What to do: Word for word, and without a single picture, repeat the entries.

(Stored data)
== Segment start ==

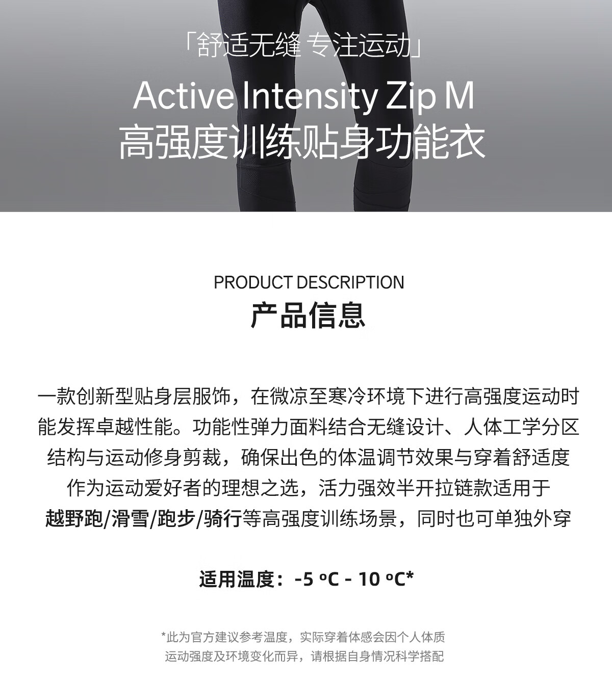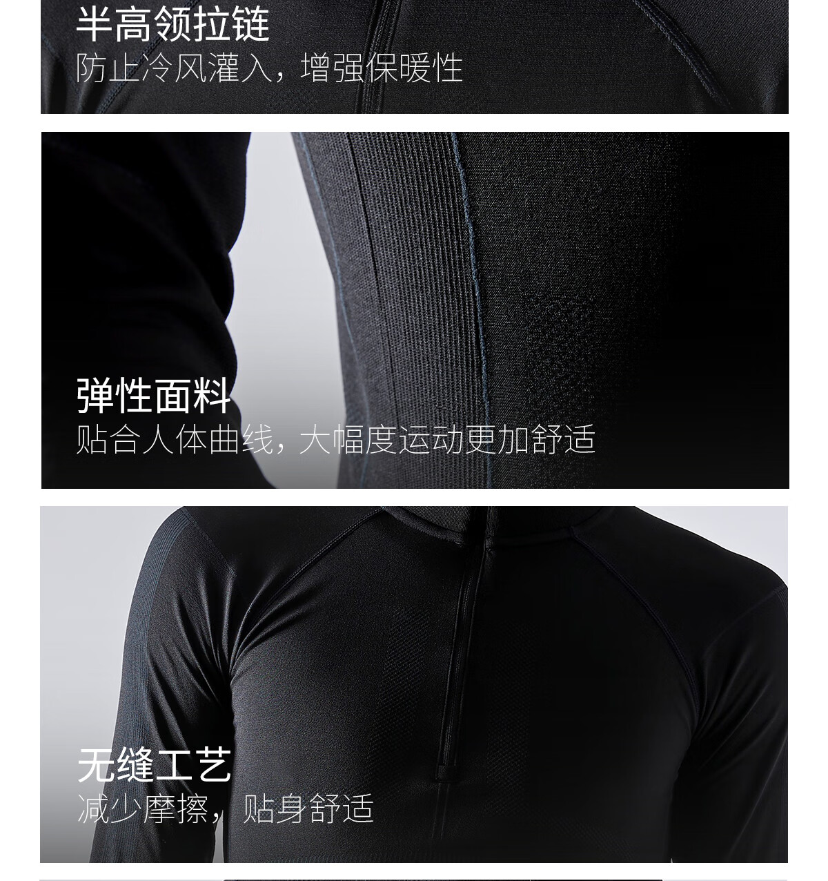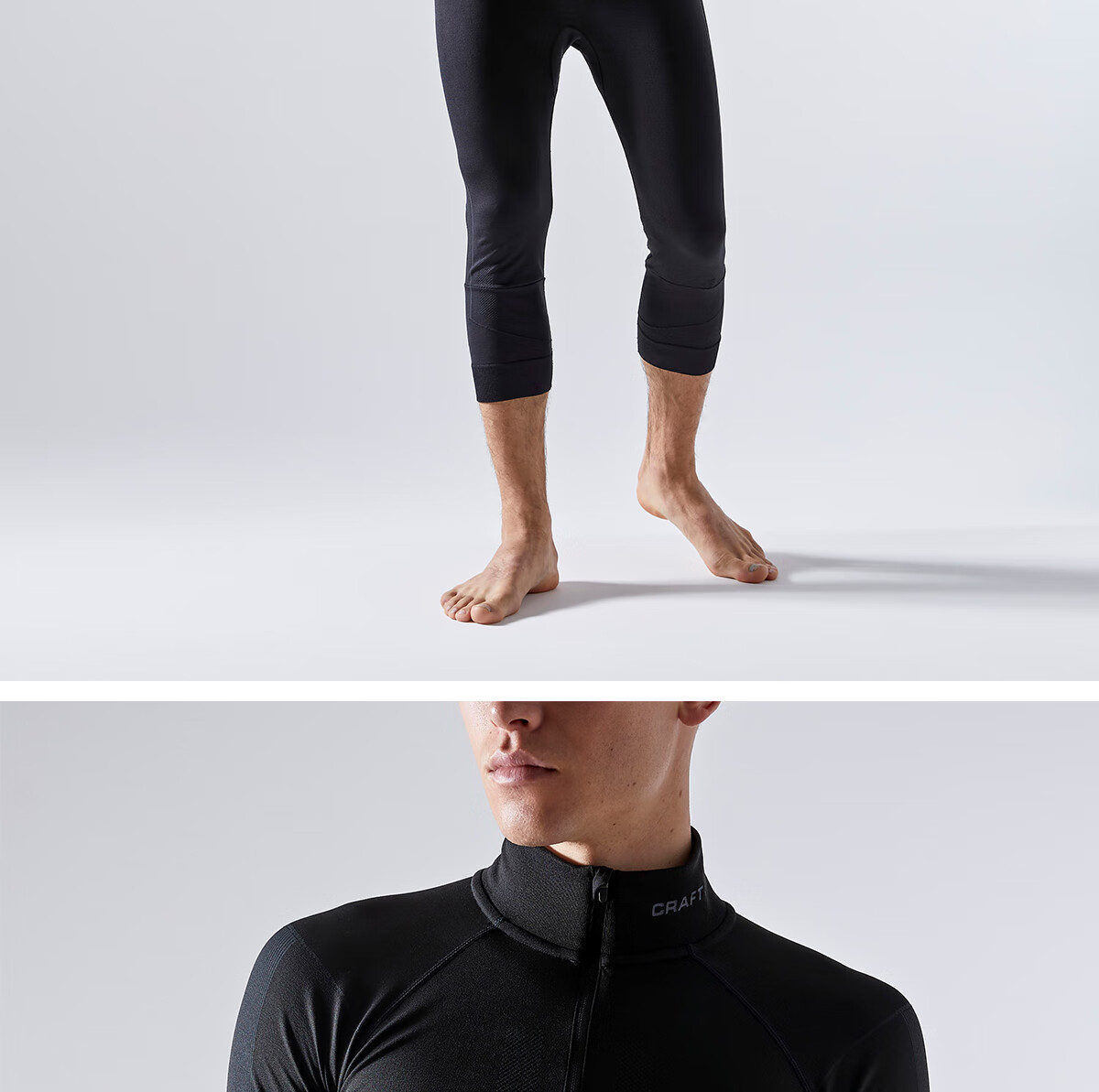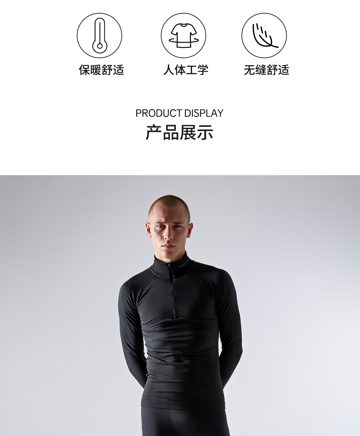 CRAFT绿标运动户外滑雪跑步骑行透气速干弹力高领拉链长袖T恤打底衫男 黑色 S
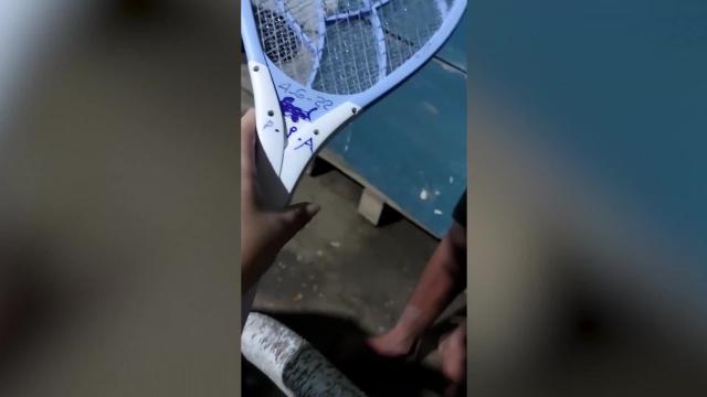 Footage shows staff making a sweep of the dog's sleeping area in Yangon on August 22, with the rackets emitting a loud zapping sound upon hitting the blood-sucking bugs. 2022-08-24 19:39:10
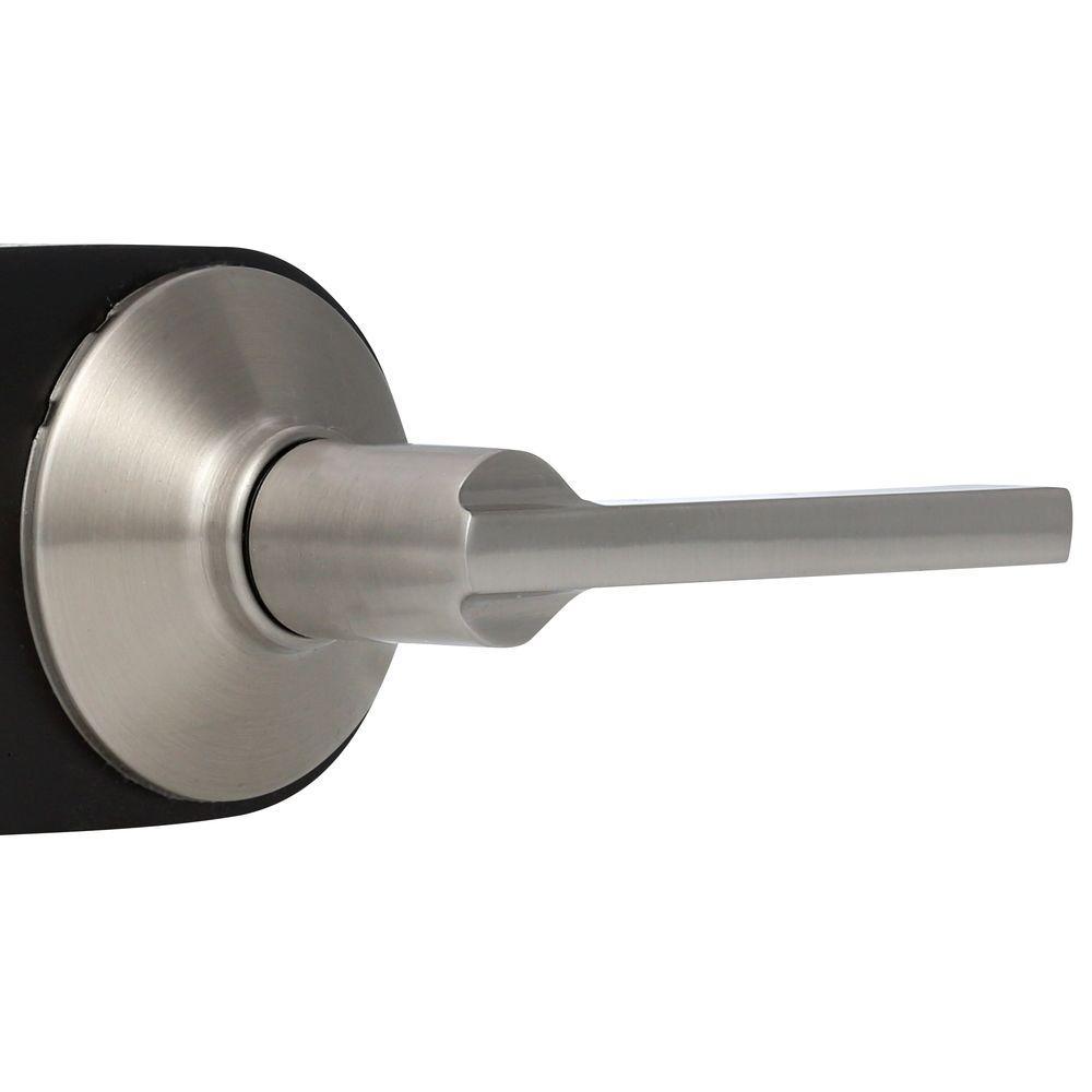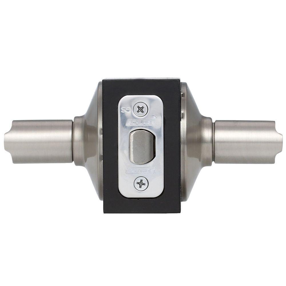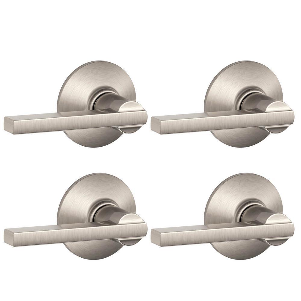 Add a crisp element to your interior with this Schlage passage door lever (4-Pack). It is ideal for hallway and closet doors where a locking function isn’t necessary. Featuring clean lines and rectangular structure, this lever of solid brass and a versatile satin nickel finish pairs well with contemporary and urban decors. Its universal design works with right and left swing doors with a 1-3/8 in. to 1-3/4 in. thickness. Installation with a Phillips screwdriver takes minutes, and this door lever features self-aligning screw holes for a hassle-free setup. The universal latch slides into place without the need for tools or manual adjustments.
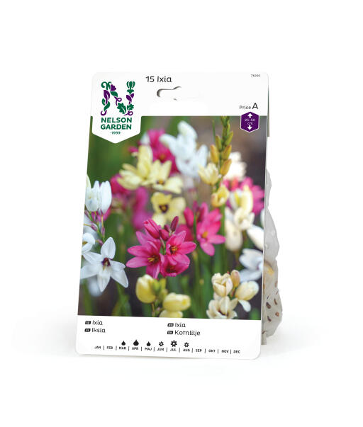 Ixia, eller afrikansk harlekinblomma, finns i många pigga färger. De skira, klockformade blommorna sitter på långa stjälkar och gör den till en fin snittblomma. Den nätta höjden är perfekt för rabattkanten eller krukan på balkongen.
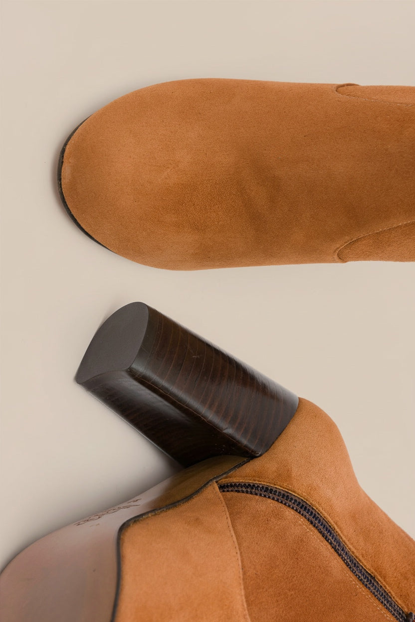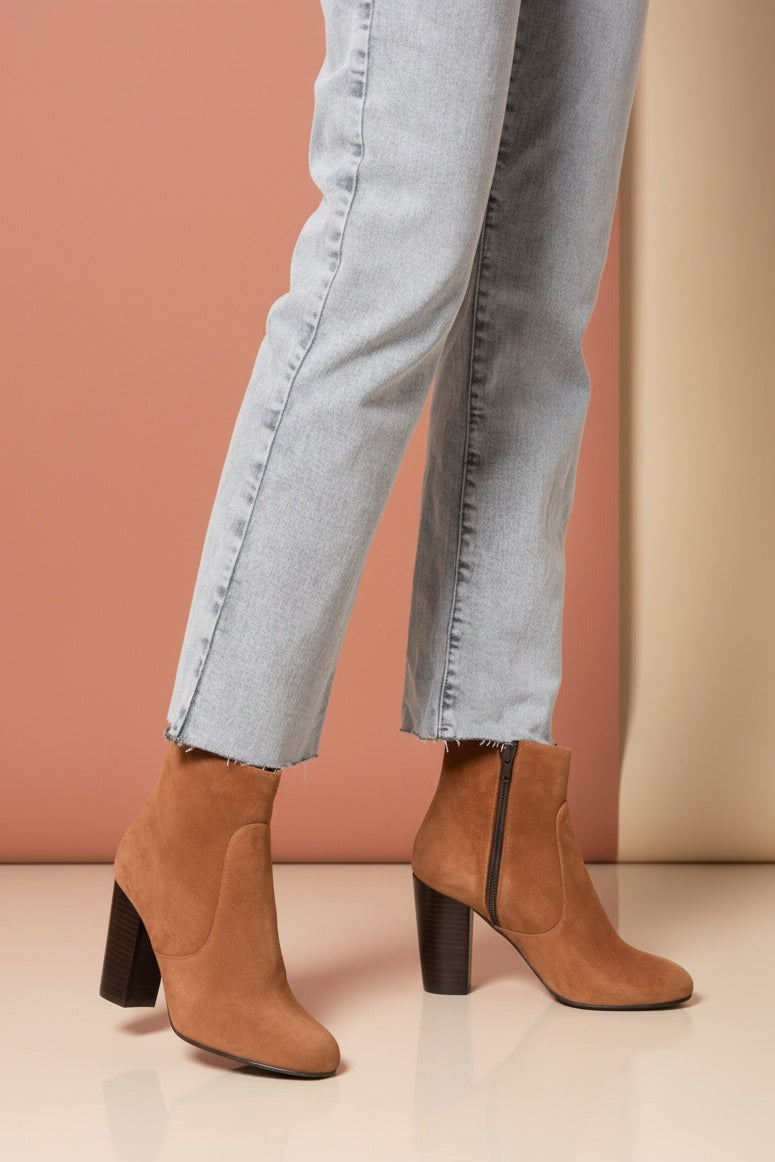 The classic round toe and cylindrical block heel makes Martell a sophisticated, yet versatile ankle bootie. Handcrafted with deep red oxblood calfskin leather with a inner side zipper, wear it as an alternative to the classic black bootie with any winter outfit.

== Segment end ==

Response to the task:
 CRAFT绿标运动户外滑雪跑步骑行透气速干弹力高领拉链长袖T恤打底衫男 黑色 S
 Footage shows staff making a sweep of the dog's sleeping area in Yangon on August 22, with the rackets emitting a loud zapping sound upon hitting the blood-sucking bugs. 2022-08-24 19:39:10
 Add a crisp element to your interior with this Schlage passage door lever (4-Pack). It is ideal for hallway and closet doors where a locking function isn’t necessary. Featuring clean lines and rectangular structure, this lever of solid brass and a versatile satin nickel finish pairs well with contemporary and urban decors. Its universal design works with right and left swing doors with a 1-3/8 in. to 1-3/4 in. thickness. Installation with a Phillips screwdriver takes minutes, and this door lever features self-aligning screw holes for a hassle-free setup. The universal latch slides into place without the need for tools or manual adjustments.
 Ixia, eller afrikansk harlekinblomma, finns i många pigga färger. De skira, klockformade blommorna sitter på långa stjälkar och gör den till en fin snittblomma. Den nätta höjden är perfekt för rabattkanten eller krukan på balkongen.
 The classic round toe and cylindrical block heel makes Martell a sophisticated, yet versatile ankle bootie. Handcrafted with deep red oxblood calfskin leather with a inner side zipper, wear it as an alternative to the classic black bootie with any winter outfit.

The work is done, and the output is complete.